In the process of supersonic spraying, to obtain a high adhesion coating, precise control is required from multiple key links.

1、 Surface pretreatment

Cleaning treatment

The cleanliness of the workpiece surface has a crucial impact on the adhesion of the coating. Before spraying, the surface must be cleaned of impurities such as oil, grease, dust, and oxide scale. For example, organic solvents can be used to clean and remove oil stains, and sandblasting can be used to remove oxide scales. Sandblasting can not only clean surface impurities, but also roughen the surface of the workpiece, increasing the mechanical biting force between the coating and the substrate. The size, pressure, and angle of sandblasting particles need to be adjusted according to the material and shape of the workpiece. Generally speaking, for workpieces with higher hardness, slightly larger sand particles such as 20-40 mesh can be selected; The sandblasting pressure should be controlled between 0.4-0.7MPa, and the angle should be 70-90 degrees, which can achieve the desired surface roughness and improve the adhesion of the coating.

Activation treatment

For some special materials such as ceramics or certain metal alloys, activation treatment may also be required. Activation treatment can change the chemical properties of the workpiece surface, making it easier for it to undergo chemical reactions with the coating material, thereby enhancing adhesion. For example, when spraying metal coatings onto ceramic surfaces, methods such as chemical etching or plasma treatment can be used. Chemical etching involves the reaction of a specific acid solution with the ceramic surface, resulting in microscopic pits and active functional groups; Plasma treatment is the use of high-energy plasma to bombard ceramic surfaces, remove organic pollutants from the surface, and introduce active functional groups such as hydroxyl and carboxyl groups, providing a good chemical basis for coating adhesion.

2、 Spray parameter control

Spray speed and angle

The movement speed and angle of the spray gun directly affect the quality and adhesion of the coating. In the process of supersonic spraying, the movement speed of the spray gun should be moderate, generally controlled between 200-500mm/s. If the speed is too fast, the coating material cannot be fully deposited on the surface of the workpiece, resulting in uneven coating thickness and reduced adhesion; If the speed is too slow, it will cause local overheating of the coating, generate internal stress, and even result in coating peeling. The angle between the spray gun and the surface of the workpiece is also crucial, with an ideal angle of around 90 degrees. This can ensure that the coating material vertically impacts the surface of the workpiece, allowing the material particles to better embed into the existing coating or substrate surface and increase adhesion.

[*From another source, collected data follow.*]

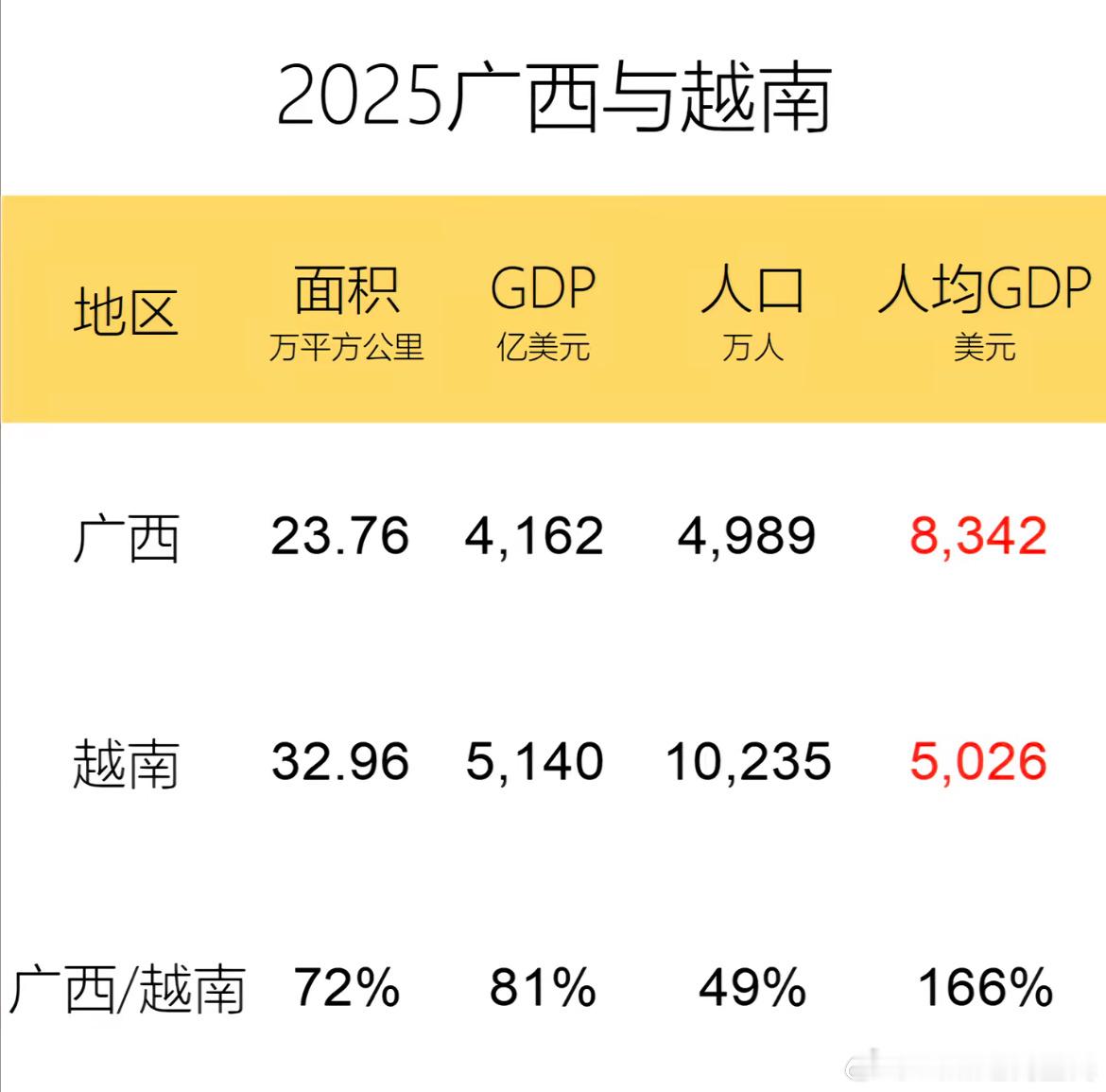 2025年广西vs🇻🇳越南GDP😂😂😂广西出了名了“贫穷落后”越南不要天天说自己起飞了
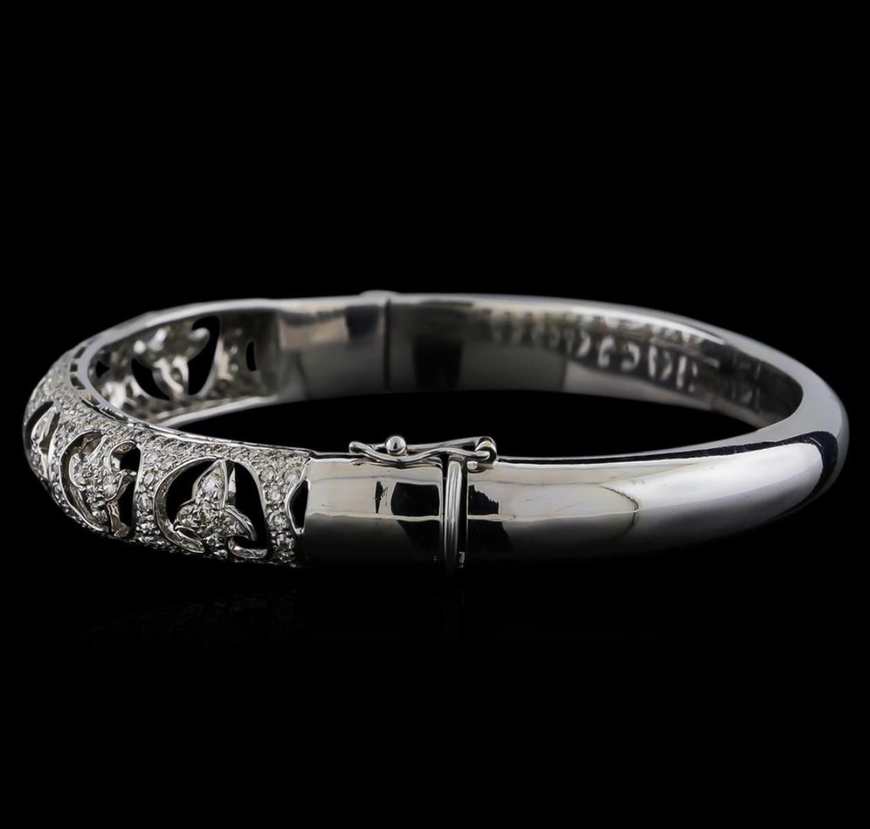 One electronically tested 18KT white gold ladies cast bangle bracelet with a bright polish finish. Measurements: 2.5" x 2.2". Condition is new. Containing: One Hundred Sixty-Seven prong set round brilliant cut diamonds, measuring 1.40 - 1.40 x 0.84mm (depth est.) approximate total weight of 167 Stones = 1.67ct. Clarity: SI-1 to SI-2. Color: J - K, Cut is Good. All diamonds are graded in the mounting, unless otherwise stated. Total Weight of Diamonds 1.67ct. Total Weight of Bracelet 25.00 grams. GGL Appraised.
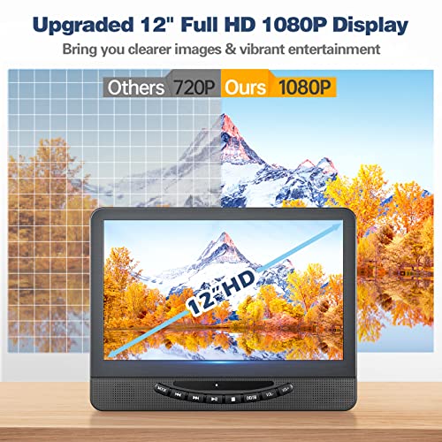 12.1″ Portable DVD Players for Car Dual Screen Play The Same or Two Different Movies, Car DVD Player with 1080P HDMI Input, Car TV with 5 Hours Rechargeable, Support USB/SD
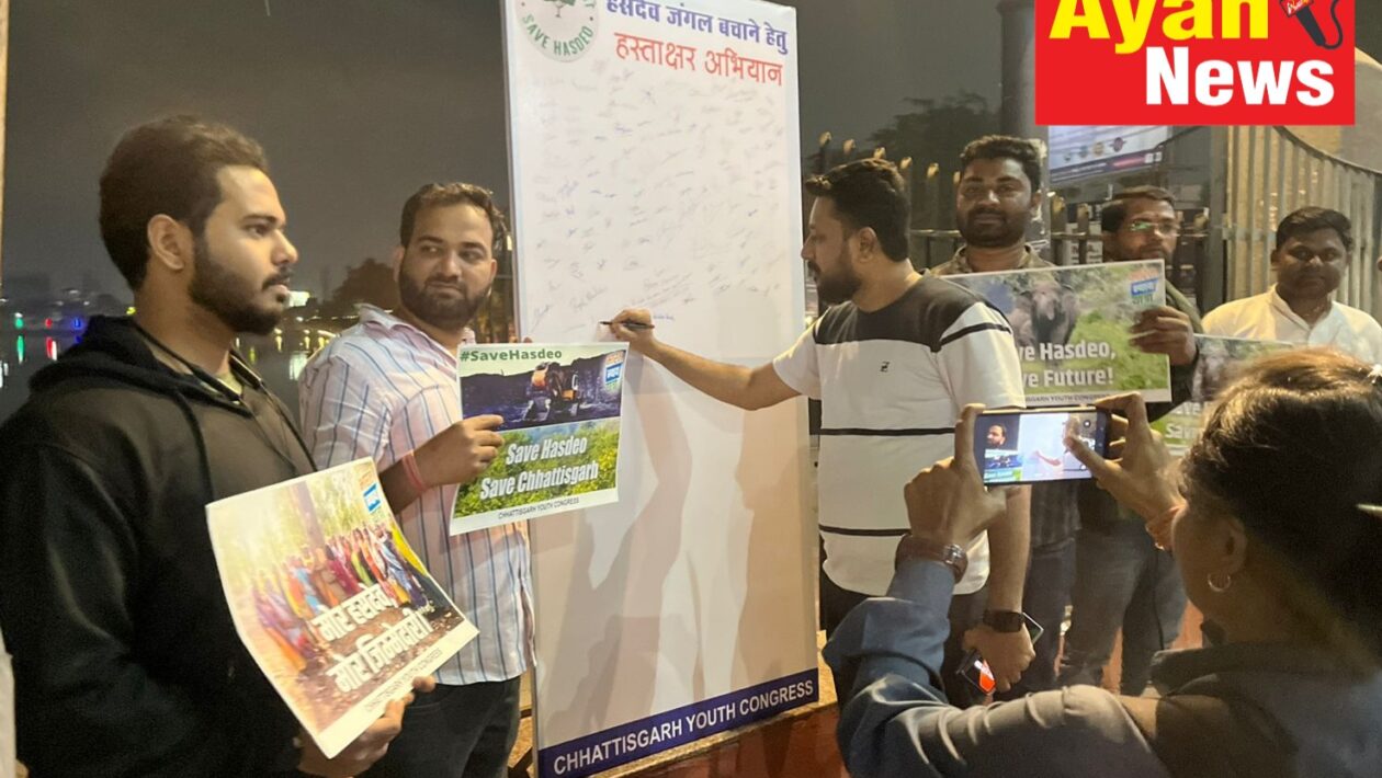 छत्तीसगढ़ प्रदेश युवा कांग्रेस के प्रदेश सचिव अभिषेक कसार के नेतृत्व में हसदेव वनक्षेत्र में जंगलों की अंधाधुंध कटाई के विरोध में छत्तीसगढ़ प्रदेश युवा कांग्रेस द्वारा तेलीबांधा तालाब रायपुर में हस्ताक्षर अभियान चलाया गया

Spray temperature and pressure

Temperature and pressure are important parameters for supersonic spraying. Excessive temperature can cause the coating material to melt or evaporate excessively, affecting the microstructure and properties of the coating, and may also lead to a decrease in the performance of the substrate material, thereby reducing the adhesion of the coating. In general, the spraying temperature should be reasonably controlled according to the melting and boiling points of the coating material. For example, for commonly used metal ceramic coating materials, the spraying temperature can be controlled between 1500-2000 ℃. In terms of pressure, supersonic spraying requires sufficient gas pressure to accelerate the coating material particles and bring them to supersonic state. Usually, the intake pressure can be controlled between 0.6-0.9MPa, which ensures that the material particles obtain sufficient kinetic energy to tightly accumulate on the surface of the workpiece, improving the density and adhesion of the coating.

3、 Post coating treatment

heat treatment

After spraying, appropriate heat treatment can improve the adhesion of the coating. For some metal coatings, such as nickel based alloy coatings, annealing treatment can be used. The annealing temperature is generally between 400-600 ℃ and the time is 1-3 hours. Through annealing, the stress inside the coating is released, and the atomic diffusion between the coating and the substrate is intensified, forming a metallurgical bond and greatly improving the adhesion of the coating.

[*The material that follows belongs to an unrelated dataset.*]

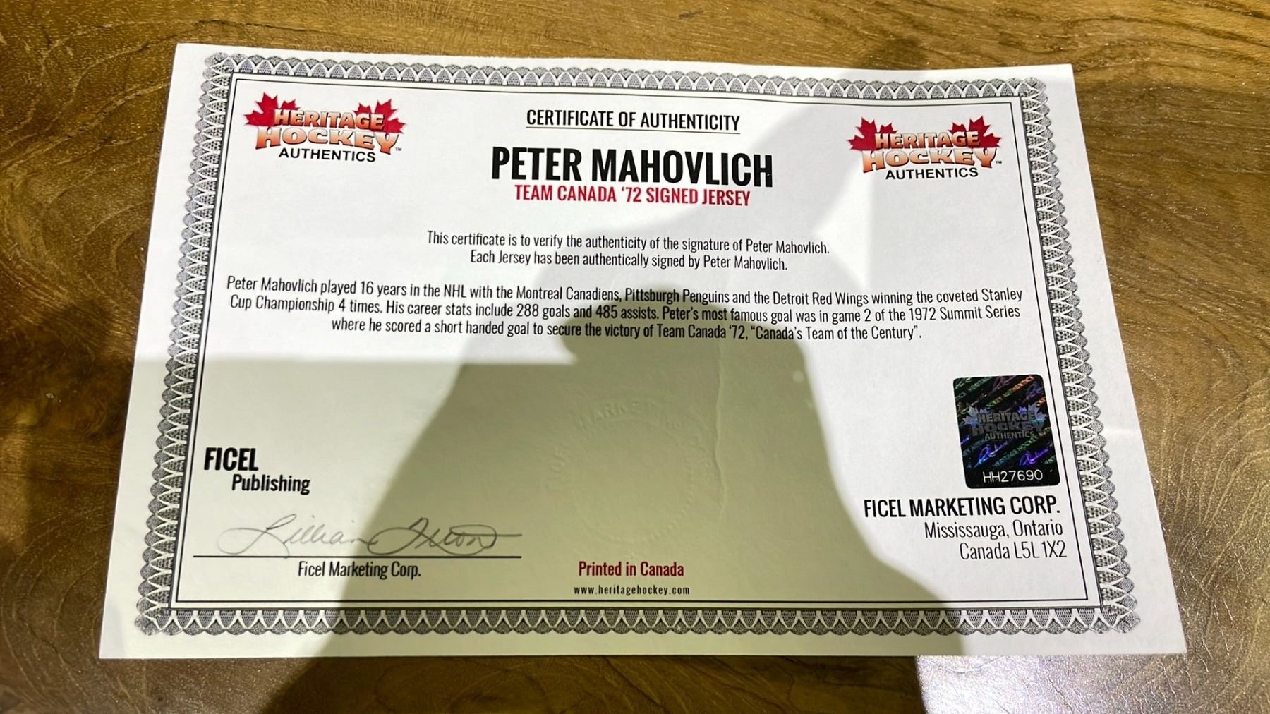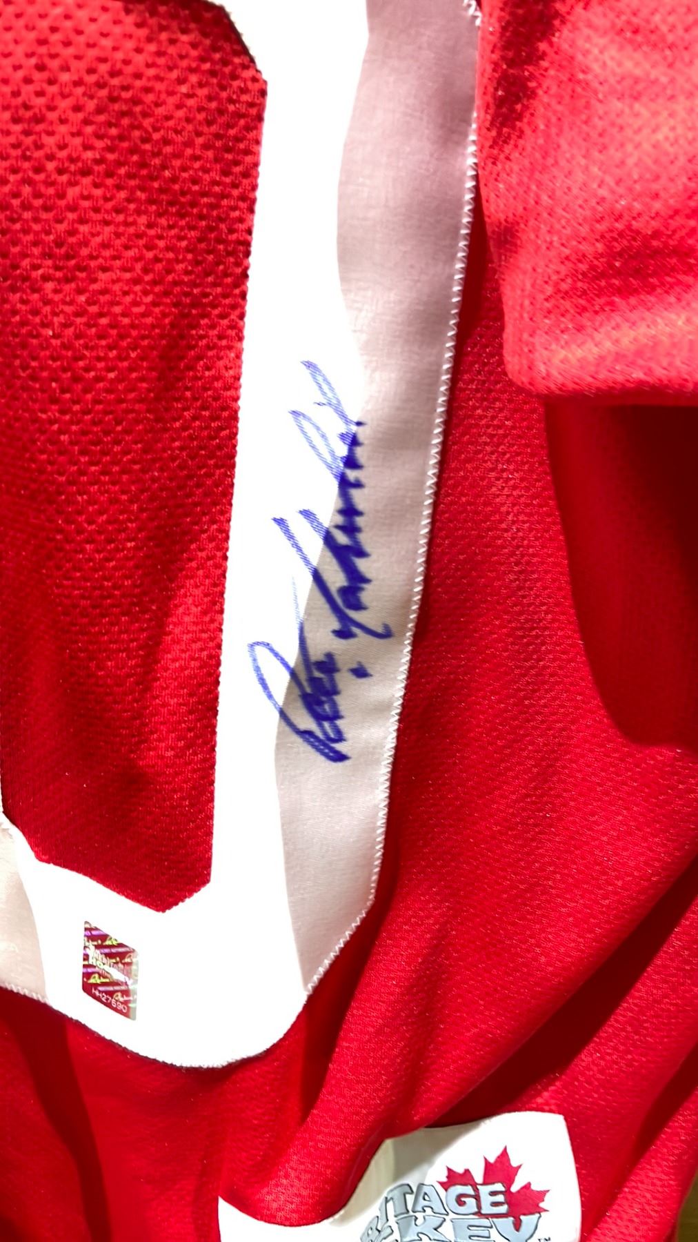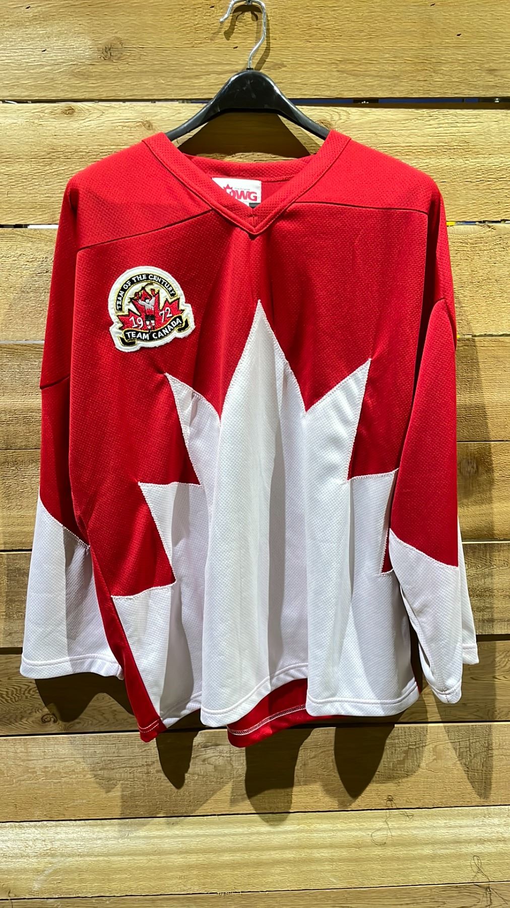 NEW DWG HERITAGE HOCKEY CLASSICS 1972 TEAM CANADA SIGNED BY PETER MAHOVLICH WITH COA SIZE XL JERSEY

Quality inspection and repair

Quality inspection of coatings is a crucial step in ensuring adhesion. Multiple detection methods can be used, such as adhesion tester to detect the bonding strength of the coating, and ultrasonic flaw detection to detect defects inside the coating. For areas where adhesion does not meet requirements or there are defects detected, timely repairs should be carried out. When repairing, it is necessary to perform surface pre-treatment on the defective area, and then use the same process parameters as the original spraying for local spraying to ensure that the adhesion of the entire coating meets high standards.